Paolo Aliatis has moved through life at a pace most people will never know. Building up a successful business and property portfolio in the UK, working with entrepreneurs, investors and property tycoons, Paolo Aliatis‘ rise has been as remarkable as it has been hard work. Hearing the story from Aliatis himself is intriguing…
I started young when I ventured into entrepreneurship. I want to tell you my story so you can understand how I ended up in the flat-share industry and how this industry changed my life.
From my youth, I have always found a way to make what I want happen. Most of my business ventures before my 20’s were lifestyle-based and often caught the attention of people in an elite society in which I did not belong. My friends had my back as I had theirs.
“We roll where we control, and we control how we roll”; that was the only rule we followed.
Paolo Aliatis: Brimming With Business
My first bright idea was to try to replicate a successful restaurant model that started in a neighbouring city. However, having little understanding of how to run a restaurant chain, control costs, waste management, maintain standards etc. it ended up a failure. The business barely sold for enough to cover the debts that I had incurred in the process of setting it up.
I later moved to Barcelona with my then-girlfriend and started a pharmaceutical distribution company which collapsed during the 2008 recession. I then decided to rent the spare rooms in my apartment, which ended up covering the cost of the whole apartment. That meant that I lived rent-free and when I moved in with my girlfriend, where I rented out the entire apartment and was making 600 euros a month.
Paolo Aliatis’ Flat Share Empire
I heard stories of a friend’s cousin who was running flat-shares, once we were introduced a partnership was born and we went from having just a few properties between us, to having 250 across 4 different cities. In 2009, we started to get calls from agents in Barcelona and London offering us their properties, acquiring properties wasn’t the challenge, renting the rooms was. At that grassroots period, I was even agreeing to pick clients up off their trains in the early hours of the morning just to secure a deal.
Portfolios grew and time flew by. Profits multiplied and workforces expanded. My role in the game began to change dramatically. No longer was I preparing and showing rooms to people fresh to London or waking up at all hours to chase tenants withholding rent who had been dodging us during working hours. My challenges then were managing teams, finances, lawyers, accountants, contractors etc. The game changed and a whole fresh ecosystem started to flourish around us.

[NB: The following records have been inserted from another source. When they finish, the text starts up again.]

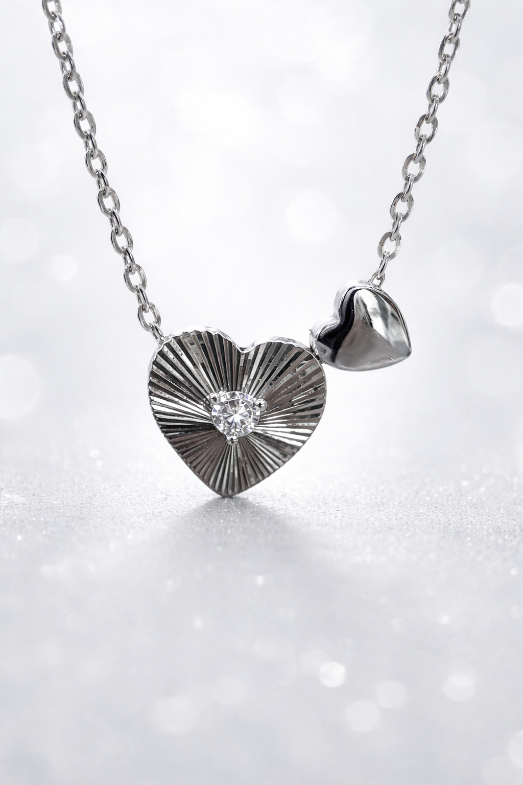 Sterling Silver Double Heart Pendant Necklace with CZ – Diamond Cut & Polished Finish – YL7393101
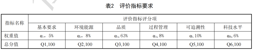 评价指标由一级指标和二级指标构成,一级指标包括环境能源要求、品质评价要求、过程管理要求、可追溯评价要求、科技水平评价,二级指标是与一级指标相对应的可量化或定性描述的具体指标,指标基准值及判定方式见表1。
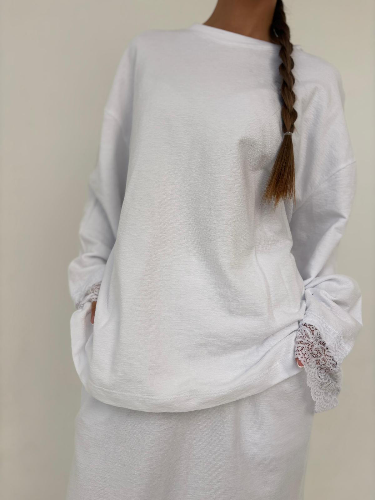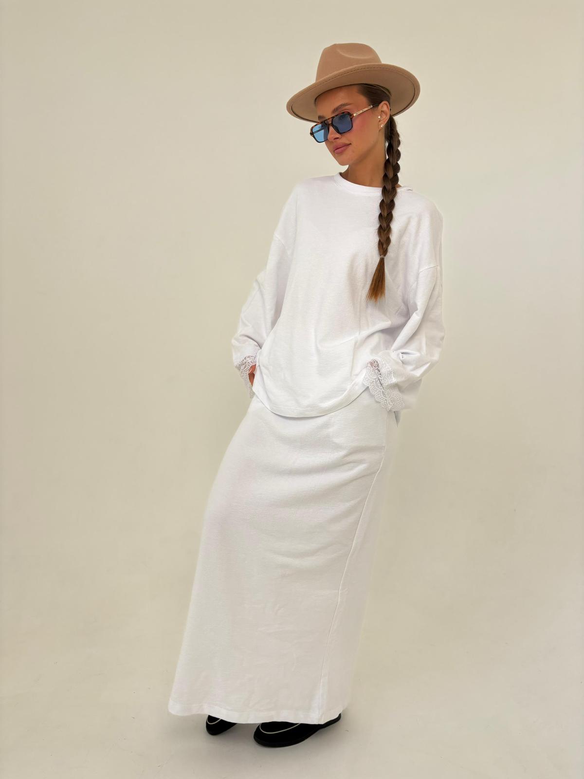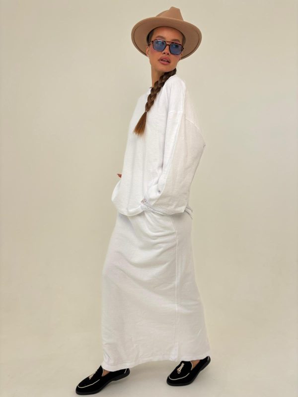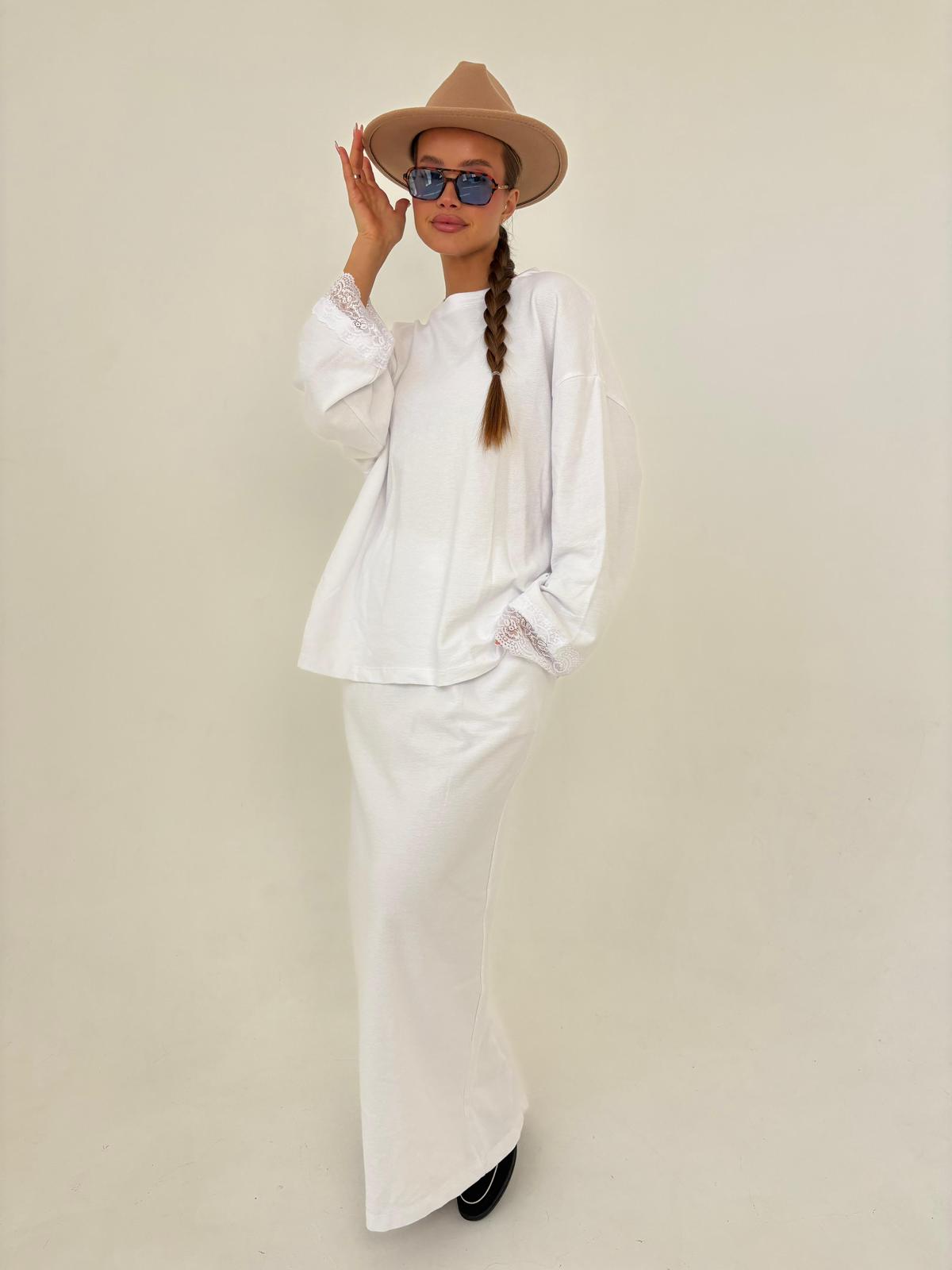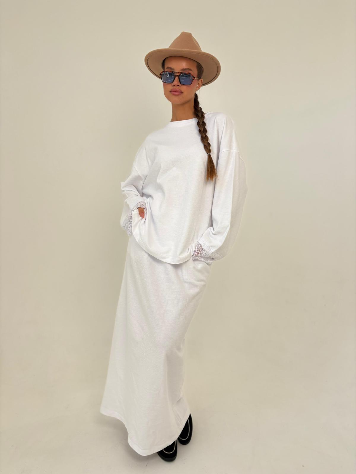 חליפת חצאית צנועה מבד כותנה ג'אקרד, חולצה בגיזרת אובר סייז עם צווארון עגול, שרוולים 7/8 עם סיומת תחרה בצביעה, חצאית בגיזרה ישרה עם גומי במותן, כיסים ניסתרים בצידי החצאית. החליפה מגיעה במידות S/M/L/XL ומתאימה עד למידה 44-46/48.
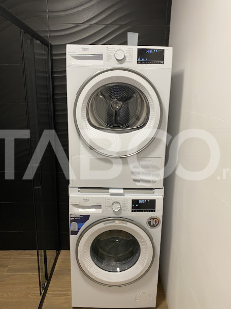 Garsoniera se inchiriaza mobilata si utilata cu: plita electrica, hota, masina de spalat rufe, uscator rufe, frigider cu congelator, cuptor cu microunde si TV.
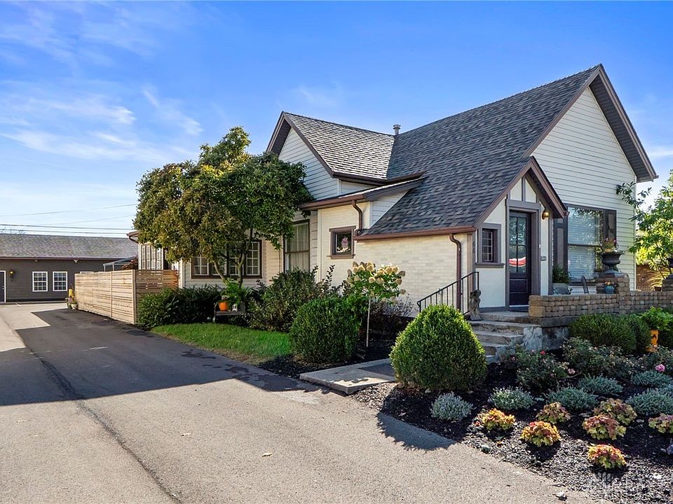 Experience timeless elegance and modern versatility in this beautifully updated Tudor-style home offering 1,939 square feet of living space, three bedrooms, two full bathrooms, and one half bathroom, plus a partial basement. From the moment you arrive, the home’s storybook architecture captures attention with its steep rooflines, decorative trim, and manicured landscaping framed by blooming shrubs and mature greenery. Inside, historic character meets contemporary design through arched entries, crown molding, and warm hardwood flooring. The kitchen is a true centerpiece—featuring rich cabinetry with brass hardware, open shelving, dark granite countertops, a farmhouse sink, and a striking two-tone ceiling accent that adds warmth and dimension. Each bathroom has been meticulously updated, blending vintage charm with today’s modern style. The main-level bath showcases black-and-white patterned tile, elegant botanical wallpaper, gold fixtures, and a glass-enclosed walk-in shower with subway tile. Every detail exudes refinement and craftsmanship. The partially finished basement provides a one-of-a-kind retreat, designed with custom trim work, warm lighting, and decorative plaster details. This inviting space features a stone accent wall with an artistic centerpiece, built-in shelving, and plenty of room for lounging or entertaining—offering the perfect atmosphere for a home theater, wine lounge, or creative studio. A standout feature of this property is the 800-square-foot finished garage-like space—perfect for a home business, salon, studio, or golf simulator setup. This flexible area offers unparalleled adaptability for both personal and professional use. With its ideal blend of architectural charm and modern function, this Tudor is a rare opportunity to own a home that’s as distinctive as it is practical—ready to accommodate both lifestyle and creativity.
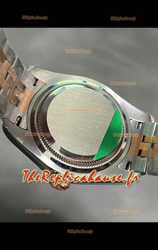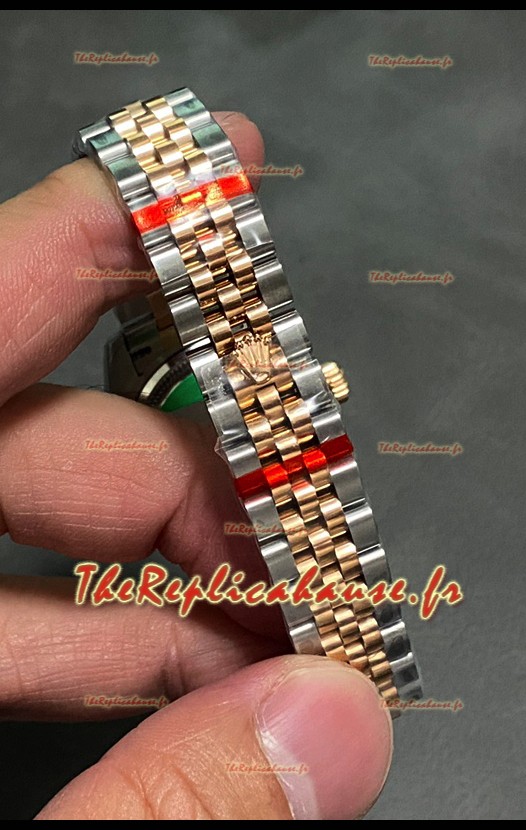 Bracelet bicolore en acier inoxydable 904L plaqué or rose 18 carats avec boucle déployante. Les maillons de bout sont parfaitement alignés avec le boîtier. - Une version améliorée du bracelet Datejust
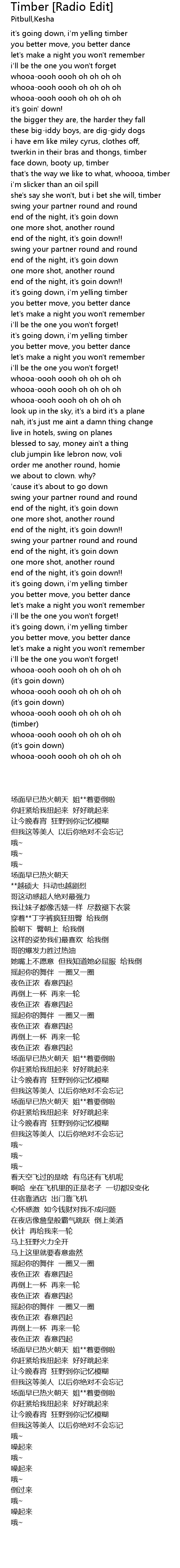 | [00:50.600] | she's say she won't, but i bet she will, timber |
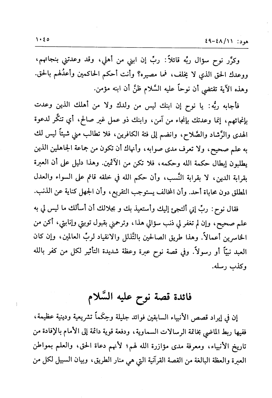 فقال نوح: ربّ إني ألتجئ إليك وأستعيذ بك وبجلالك أن أسألك ما ليس لي به علم صحيح، وإن لم تغفر لي ذنب سؤالي هذا، وترحمني بقبول توبتي وإنابتي، أكن من الخاسرين أعمالا. وهذا طريق الصالحين بالتّذلل والانقياد لربّ العالمين، وإن كان العبد نبيّا أو رسولا. وفي قصة نوح عبرة وعظة شديدة التأثير لكل من كفر بالله وكذب رسله.
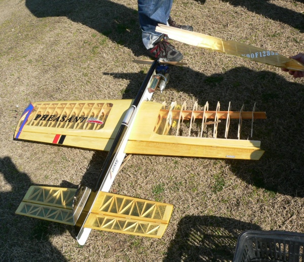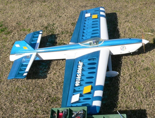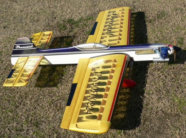 私のフェザント45です。46以下の規定では電動はバッテリー込みで1400g以下なのでホイルパンツもスピンナーもなしでぎりぎりです。私もハンディの見直しで1.5になったので今回は優勝できました。 |

Eventually, everything fell into the right place, people started doing their jobs, international expansion followed, in-house software was developed and new acquisitions became a priority.
With every positive or negative experience encountered, our foresight expanded. As time passed, our contracts grew to include every possible eventuality, giving us complete legal coverage against troublesome tenants, landlords and contractors.
Working with such a diverse type of landlord, from established property tycoons to former gangsters, Jewish to Muslim, those with 1 flat to those with 100 flats in their portfolio, we have been through it all, but most importantly, we have seen and solved it all.
Moving Up: Paolo Aliatis’ Progression
Now I am no longer involved in the day to day activities of flat-shares, my focus lays on how to take portfolios that are yielding a 5% return, to a 12% return. From time to time I will have a former competitor contact me with properties to take on. It doesn’t take long to see why they are trying to offload with most of them being structurally flawed and unprofitable. Timing and knowhow is everything, especially in the flat-share business.
During the past years, I have made lots of mistakes that have cost me time and money, millions sometimes. Yet I have also realised that most of the mistakes made actually added value to my understanding of business and in the long run, that knowledge will save me 10 times more than any simple loss of profits would.
When we started to run flat-shares, you could barely say the industry actually existed, it was still operating in the shadows. We learnt the hard way, trial and error. The industry was still a grey area where subletters or people running flat-shares were considered crooks whilst conventional estate agencies saw us as amateurs.
I am still surprised by the level of business and industry knowledge that I have managed to acquire, which is especially evident when I am talking with people that previously used to be my idols. I feel a lot of pride in the fact that I am now in a position to often teach them on aspects of our business they were not aware of.